Scoperti ceppi ancestrali di tubercolosi nella regione dei Grandi laghi africani

In Rwanda il test per la resistenza alla Rifampicina dà troppi falsi risultati

[10 Giugno 2020]

Grazie all’utilizzo del nuovo test molecolare Deeplex-MycTB, so no stati isolati in isolati in pazienti est-africani due eccezionali ceppi di tubercolosi che somigliano alle forme multi-resistenti della malattia.

Lo studio “A sister lineage of the Mycobacterium tuberculosis complex discovered in the African Great Lakes region”, pubblicato su Nature Communications da un team di ricercatori guidato da Jean Claude Semuto Ngabonziza, del Laboratoire national de référence pour la tuberculose di Kigali, in Rwanda, e dal Centre d’infection et d’immunité de Lille (CNRS/Inserm/Institut Pasteur, Université de Lille/CHU de Lille) evidenzia che »questi ceppi appartengono a un lignaggio batterico ancora sconosciuto, apparentemente limitato alla regone del Grandi Laghi africani. Le analisi dei genomi mostrano che questo lignaggio è nato da un ramo ancestrale, prima del punto di connessione comune a tutti gli altri lignaggi dei ceppi comuni di tubercolosi finora conosciuti. Questa scoperta rafforza l’ipotesi di un’origine nell’Africa orientale del bacillo della tubercolosi, che rimane la principale causa di morte per origine infettiva, e fornisce ulteriori indizi molecolari sull’evoluzione verso uno stile di vita patogeno».

Con circa 1,5 milioni di decessi all’anno, la tubercolosi resta la malattia infettiva più mortale del mondo. La Rifampicina è il trattamento più efficace contro la tubercolosi, però non per tutti i ceppi ed è importante sapere, il più presto possibile, se un ceppo che ha infettato un paziente è resistente a questo antibiotico.

Proprio di questo si è occupato un team internazionale guidato sempre da Ngabonziza . ha pubblicato su The Lancet Microbe lo studio “Prevalence and drivers of false-positive rifampicin-resistant Xpert MTB/RIF results: a prospective observational study in Rwanda”.

Nell’ultimo decennio, il test Xpert MTB/RIF ha permesso una diagnostica della resistenza alla Rifampicina molto più facile e rapida  e diagnosticare precocemente la tubercolosi resistente ala Rifampicina quando i batteri sono ancora poco numerosi ha portato a una diminuzione dei decessi per questa malattia che nei paesi in via di sviluppo è ancora devastante e che ha ricominciato a presentarsi anche nei Paesi sviluppati, come l’Italia, dove era ben presente fino agli anni ‘70.

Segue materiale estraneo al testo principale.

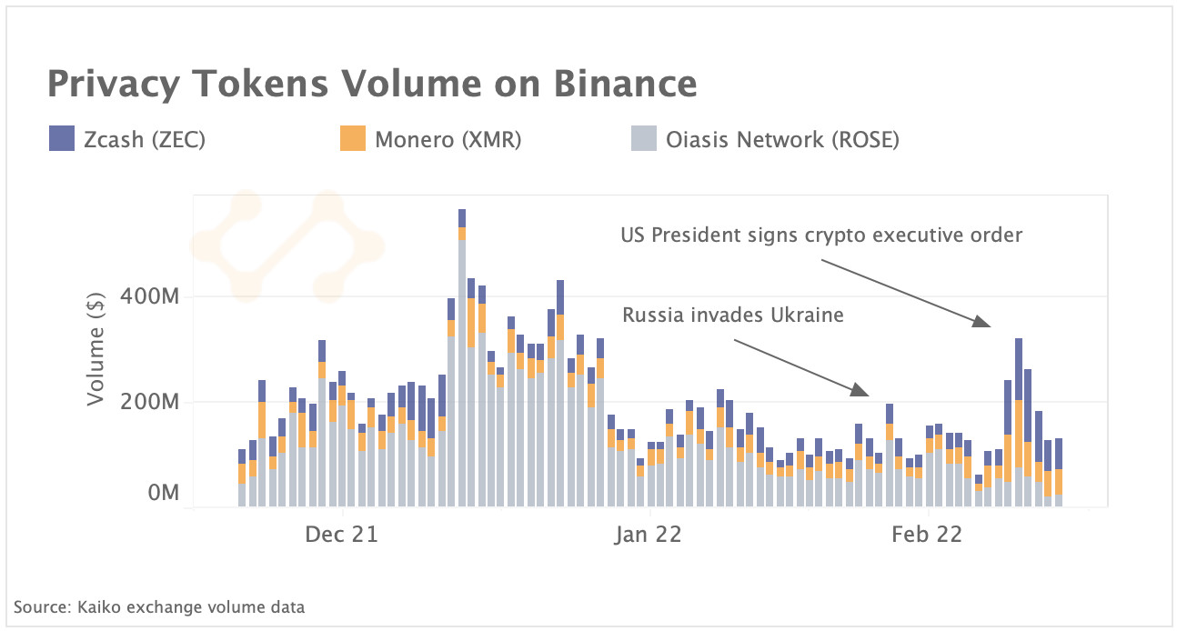 In der vergangenen Woche verzeichneten Privacy Tokens - Kryptowährungen mit Anonymitätsfunktionen - zweistellige Renditen und einen Anstieg des Handelsvolumens. Die Händler erwarteten einen Anstieg der Nachfrage, nachdem die USA ihre Krypto-Regulierungsbemühungen verstärkt hatten. Die drei grössten Privacy-Token nach Marktkapitalisierung - Monero (XMR), Zcash (ZEC) und der ROSE-Token von Oasis Network - verzeichneten auf Binance einen Anstieg des Handelsvolumens um das Dreifache auf 245 Mio. US-Dollar, den höchsten Stand seit Januar. Der Anstieg kam, nachdem der US-Präsident eine lang erwartete Durchführungsverordnung unterzeichnete, welche die US-Behörden dazu verpflichtet, die Vorteile und Risiken digitaler Vermögenswerte zu bewerten. ZEC und XRM haben seit dem Einmarsch Russlands in die Ukraine 51% bzw. 42% zugelegt. Es ist jedoch nach wie vor unwahrscheinlich, dass diese Token zur Umgehung von Sanktionen verwendet werden. Der Anstieg wird wahrscheinlich durch Spekulationen angeheizt.

Grazie allo screening di un numero maggiore di pazienti con il test Xpert MTB/RIF e alle attività comunitarie in relazione a persone con sintomi lievi o assenti, uno degli autori dello studio, Claude Semuto, che sta facendo un dottorato all’Institut de Médecine Tropicale (IMT) e ricercatore del Laboratoire national de référence pour la tuberculose di Kigali, ha scoperto un grave problema: «La metà dei pazienti a cui è stata diagnosticata la resistenza alla Rifampicina aveva effettivamente una tubercolosi sensibile alla Rifampicina e ha ricevuto un trattamento senza questo antibiotico a causa della falsa diagnosi. In questo caso si tratta di un trattamento di “seconda linea” che era più lungo e con una composizione più tossica». Semuto ha identificato questa falsa resistenza nell’espettorato dei pazienti con pochi batteri e dice che «Il software Xpert interpreta erroneamente un legame insufficiente con il DNA come prova di resistenza. Dal 3 gennaio 2020 e sulla base di questo risultato, il programma nazionale di controllo della tubercolosi del Rwanda ha modificato il suo algoritmo diagnostico. Ora i pazienti con pochi batteri a cui è stata diagnosticata la resistenza alla Rifampicina saranno sottoposti a ulteriori test per confermare o escludere la resistenza alla Rifampicina prima di ricevere una terapia appropriata. Oggi, i pazienti rwandesi con tubercolosi ricevono un trattamento di seconda linea solo quando ne hanno davvero bisogno.

Semuto conclude: «Spero che i ricercatori Impegnati nella lotta contro la tubercolosi in altri Paesi controllino con urgenza se questo problema di false diagnosi di resistenza si verifica anche da loro».